W = pt.dmatrix('W') v = pt.dvector('v') x = pt.dvector('x') y = pt.dot(x, W) VJ = pytensor.gradient.Lop(y, W, v) f = pytensor.function([v,x], VJ) f([2, 2], [0, 1]) array([[ 0., 0.], [ 2., 2.]])

Note

v, the point of evaluation, differs between the L-operator and the R-operator. For the L-operator, the point of evaluation needs to have the same shape as the output, whereas for the R-operator this point should have the same shape as the input parameter. Furthermore, the results of these two operations differ. The result of the L-operator is of the same shape as the input parameter, while the result of the R-operator has a shape similar to that of the output.

Hessian times a Vector#

If you need to compute the Hessian times a vector, you can make use of the above-defined operators to do it more efficiently than actually computing the exact Hessian and then performing the product. Due to the symmetry of the Hessian matrix, you have two options that will give you the same result, though these options might exhibit differing performances. Hence, we suggest profiling the methods before using either one of the two:

x = pt.dvector('x') v = pt.dvector('v') y = pt.sum(x ** 2) gy = pt.grad(y, x) vH = pt.grad(pt.sum(gy * v), x) f = pytensor.function([x, v], vH) f([4, 4], [2, 2]) array([ 4., 4.])

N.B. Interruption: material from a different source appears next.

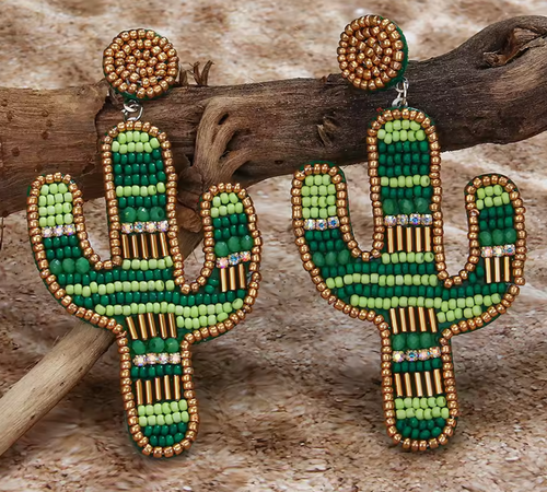 Boho Cactus Beaded Earrings
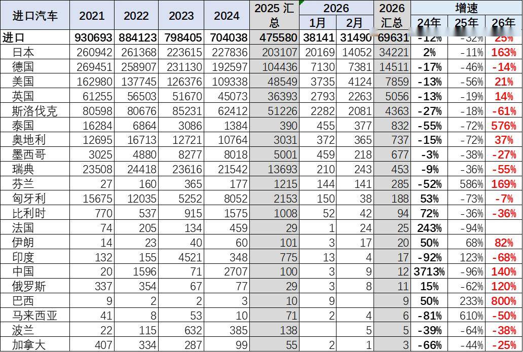 2026年1-2月进口最高的前10国家是:日本34221辆、德国14511辆、美国7859辆、英国5056辆、斯洛伐克4363辆、泰国832辆、奥地利737辆、墨西哥677辆、瑞典453辆,其中本期较同期增量增大的前五个是:日本21208辆、美国1338辆、泰国709辆、英国622辆、奥地利199辆。

or, making use of the R-operator:

x = pt.dvector('x') v = pt.dvector('v') y = pt.sum(x ** 2) gy = pt.grad(y, x) Hv = pytensor.gradient.Rop(gy, x, v) f = pytensor.function([x, v], Hv) f([4, 4], [2, 2]) array([ 4., 4.])

There is a builtin helper that uses the first method

x = pt.dvector('x') v = pt.dvector('v') y = pt.sum(x ** 2) Hv = pytensor.gradient.hessian_vector_product(y, x, v) f = pytensor.function([x, v], Hv) f([4, 4], [2, 2]) array([ 4., 4.])

Final Pointers#

The grad function works symbolically: it receives and returns PyTensor variables.
grad can be compared to a macro since it can be applied repeatedly.
Scalar costs only can be directly handled by grad. Arrays are handled through repeated applications.
Built-in functions allow to compute efficiently vector times Jacobian and vector times Hessian.
Work is in progress on the optimizations required to compute efficiently the full Jacobian and the Hessian matrix as well as the Jacobian times vector.